→ **Work required**: Return each line exactly, beginning with the one that has "(7)被引专利对比:山特维克被引用专利较多" and finishing with the final line of the material. Drop any pictures.

+++++

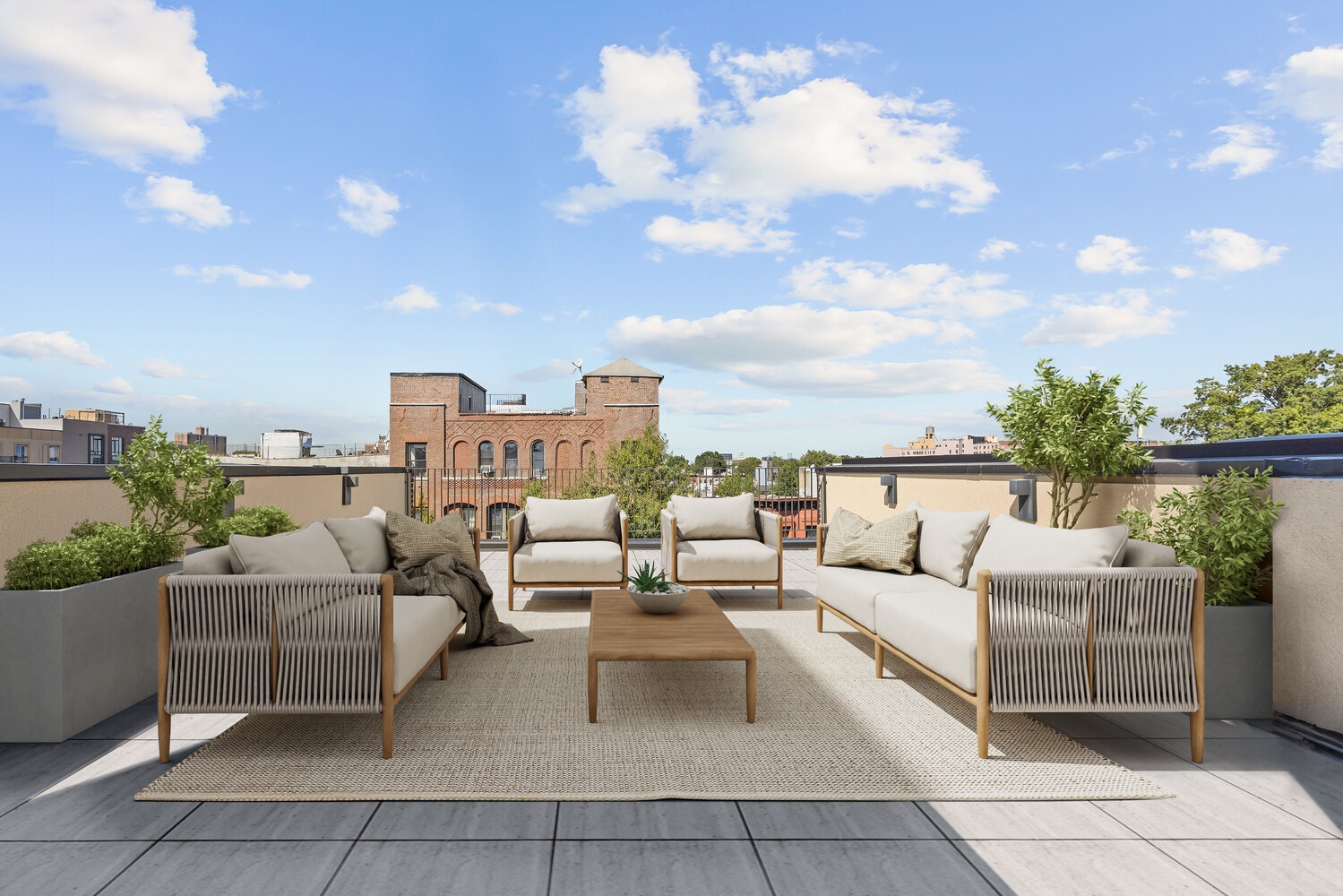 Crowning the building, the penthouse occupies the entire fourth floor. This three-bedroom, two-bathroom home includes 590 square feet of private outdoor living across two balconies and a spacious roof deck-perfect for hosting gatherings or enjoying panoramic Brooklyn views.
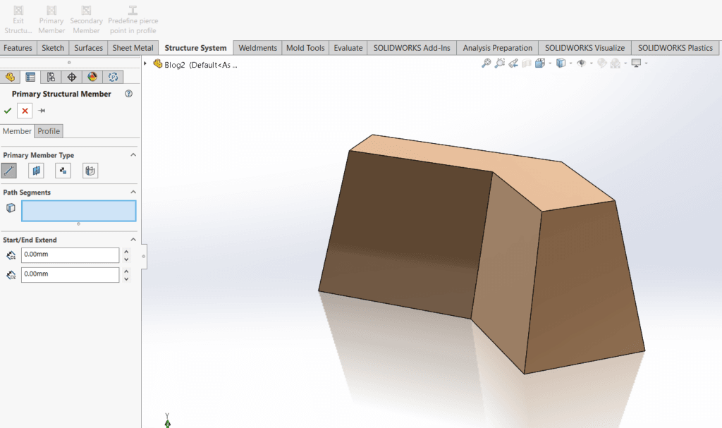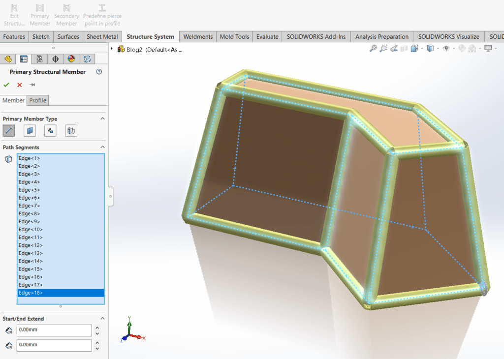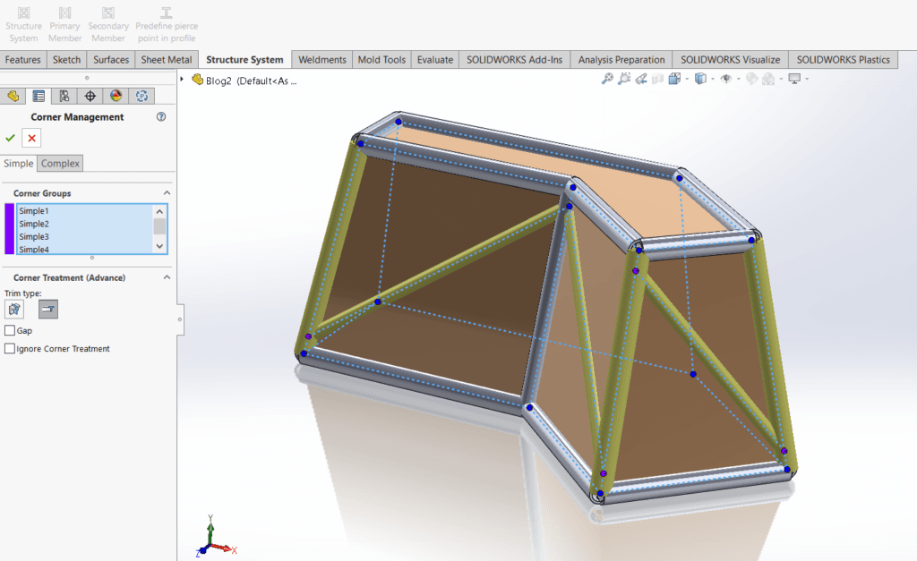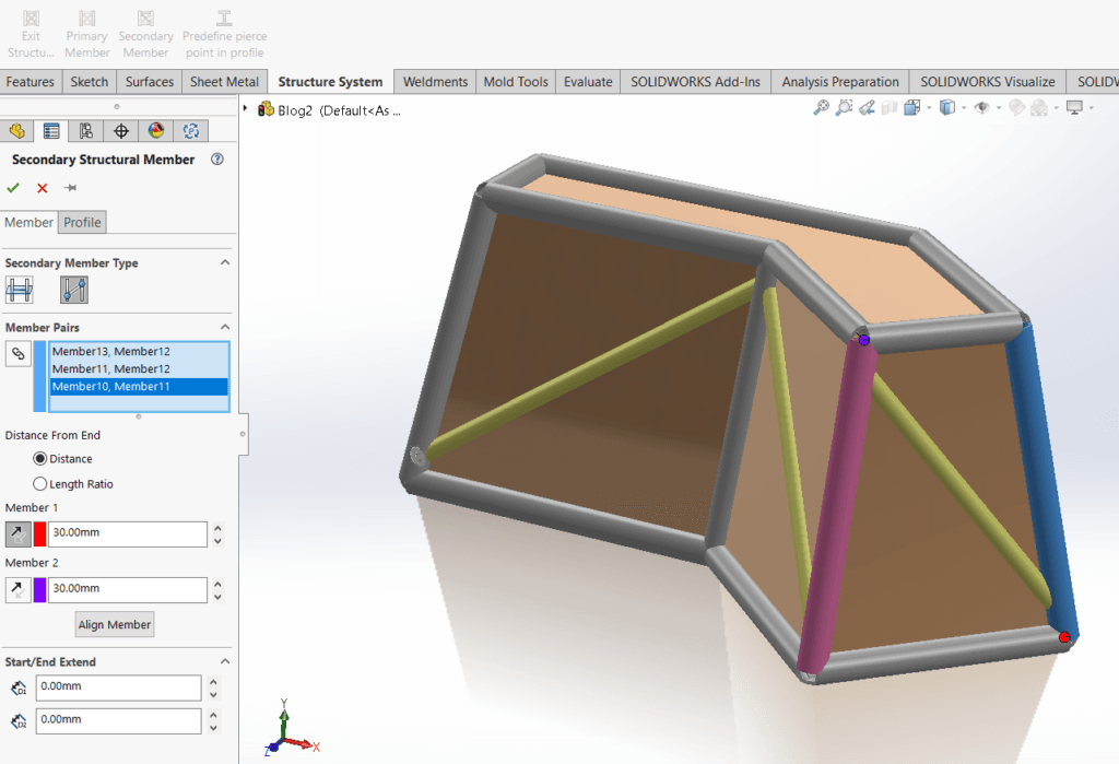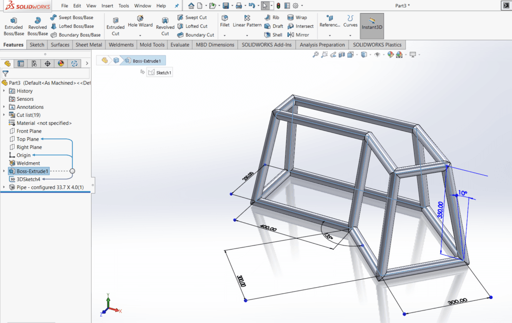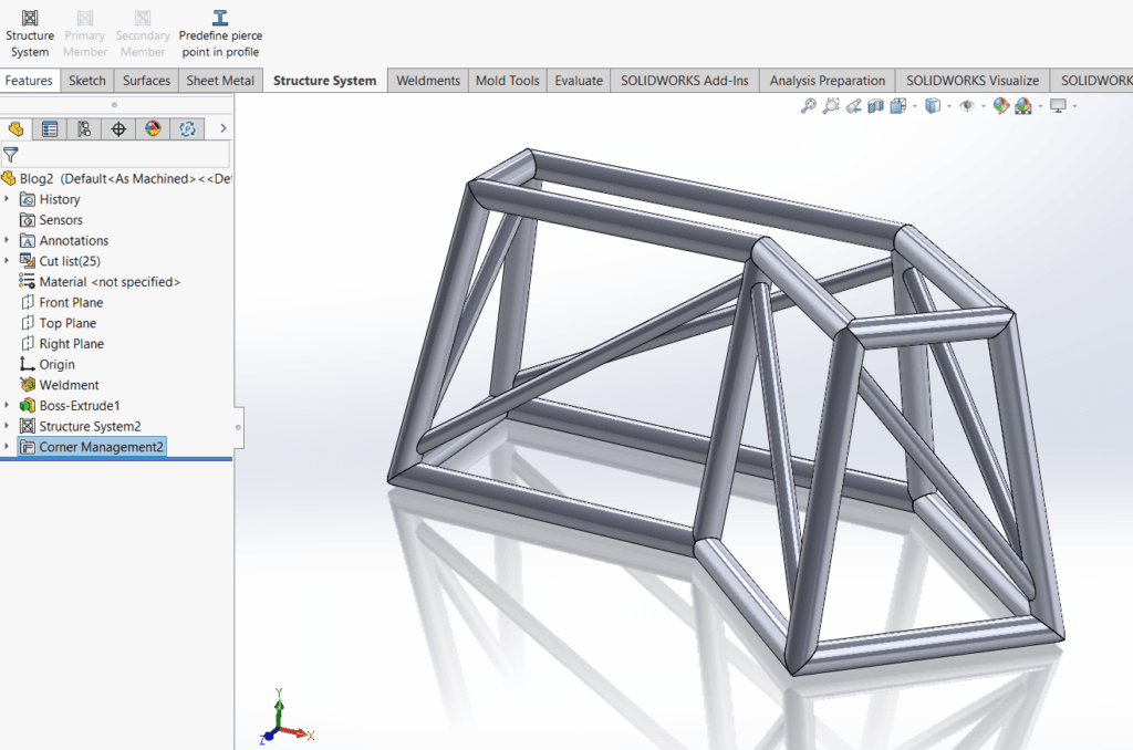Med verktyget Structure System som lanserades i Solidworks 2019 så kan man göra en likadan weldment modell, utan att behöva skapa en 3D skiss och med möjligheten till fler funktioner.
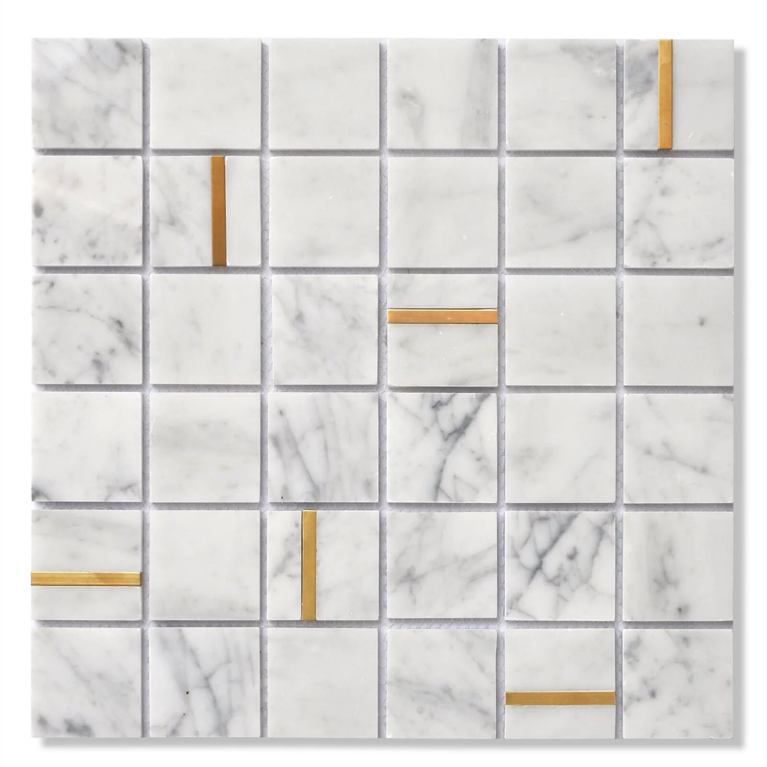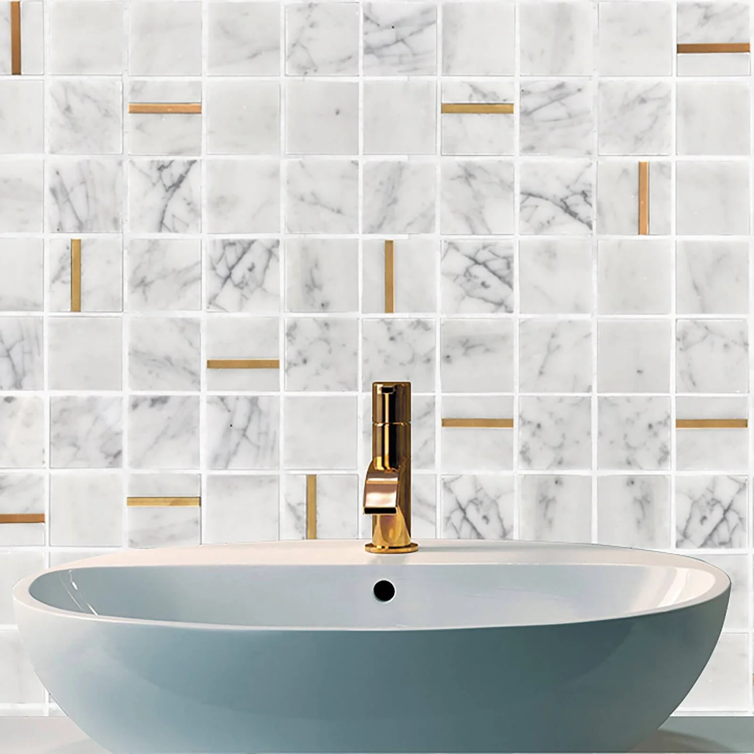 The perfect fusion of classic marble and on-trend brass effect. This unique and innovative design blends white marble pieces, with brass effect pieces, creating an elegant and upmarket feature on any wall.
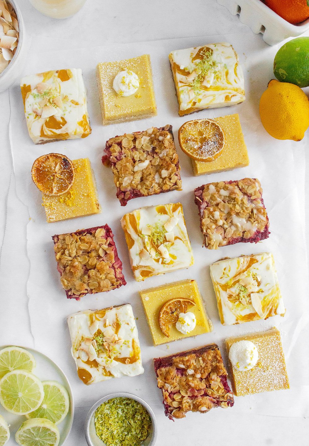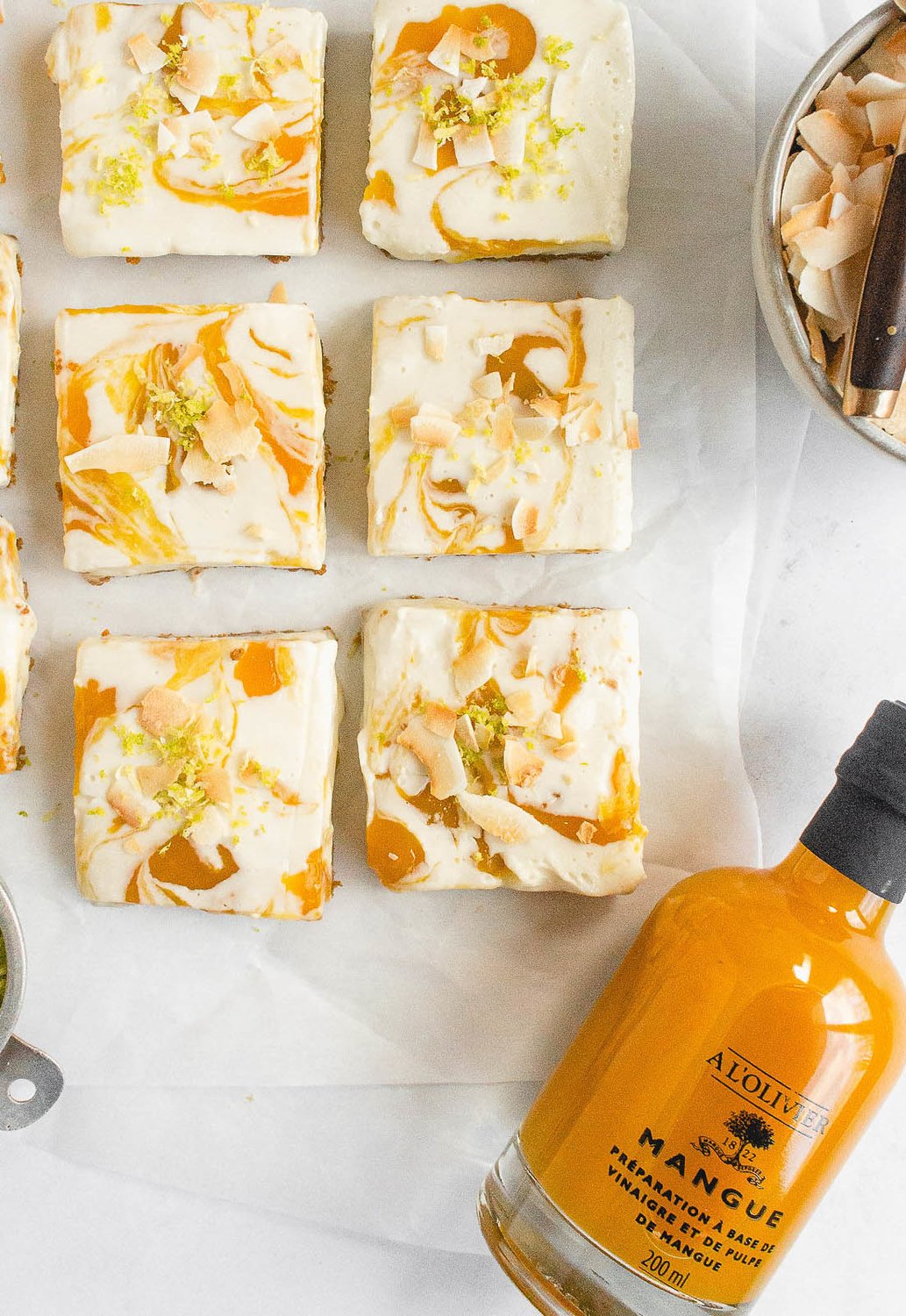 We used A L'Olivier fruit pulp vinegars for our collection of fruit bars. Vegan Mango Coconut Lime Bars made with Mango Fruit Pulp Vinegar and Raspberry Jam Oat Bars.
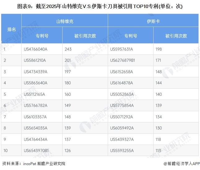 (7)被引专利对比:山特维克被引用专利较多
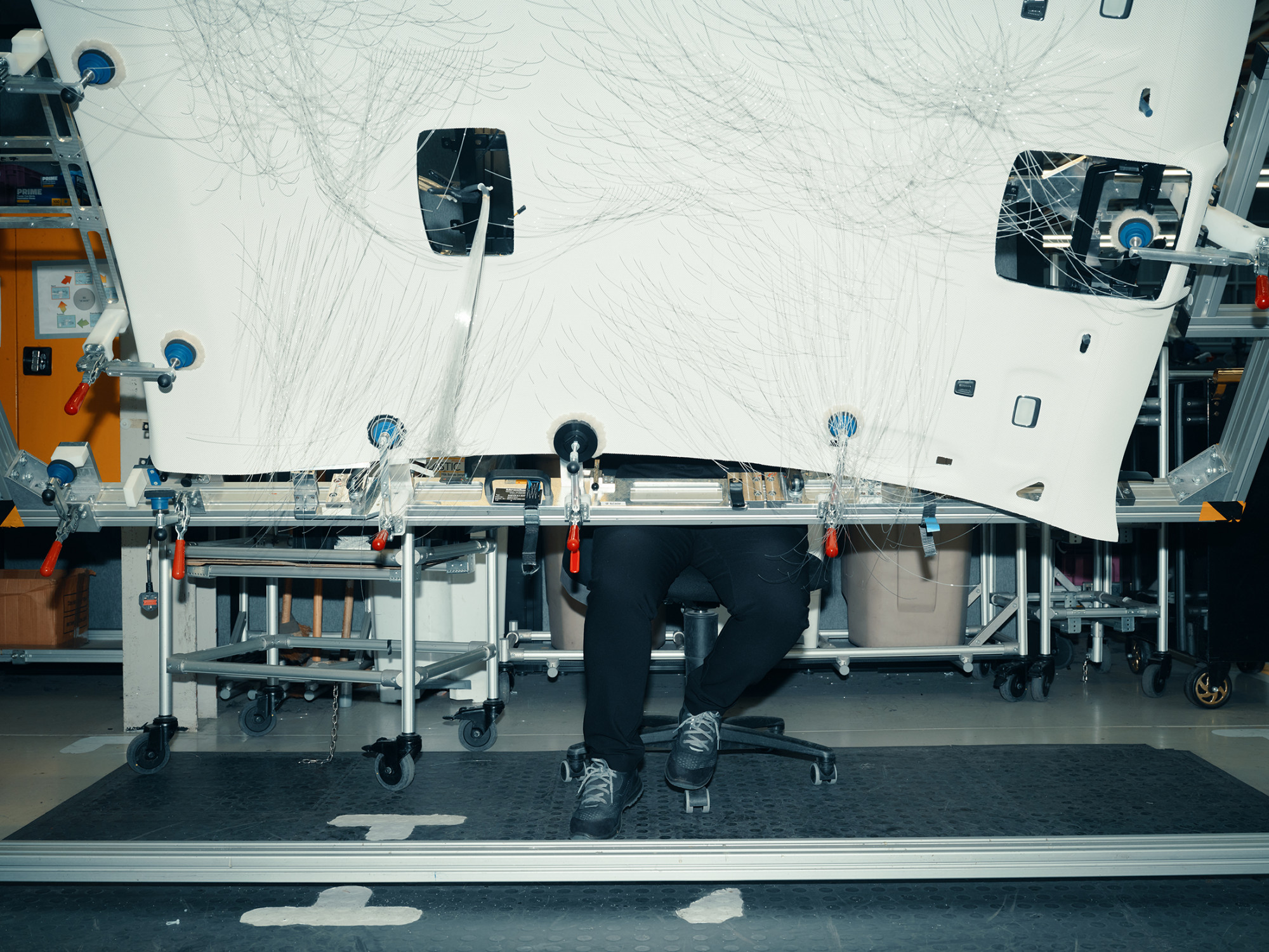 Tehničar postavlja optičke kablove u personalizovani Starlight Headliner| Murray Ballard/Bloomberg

+++++

→ **Your response**:
 (7)被引专利对比:山特维克被引用专利较多
 Tehničar postavlja optičke kablove u personalizovani Starlight Headliner| Murray Ballard/Bloomberg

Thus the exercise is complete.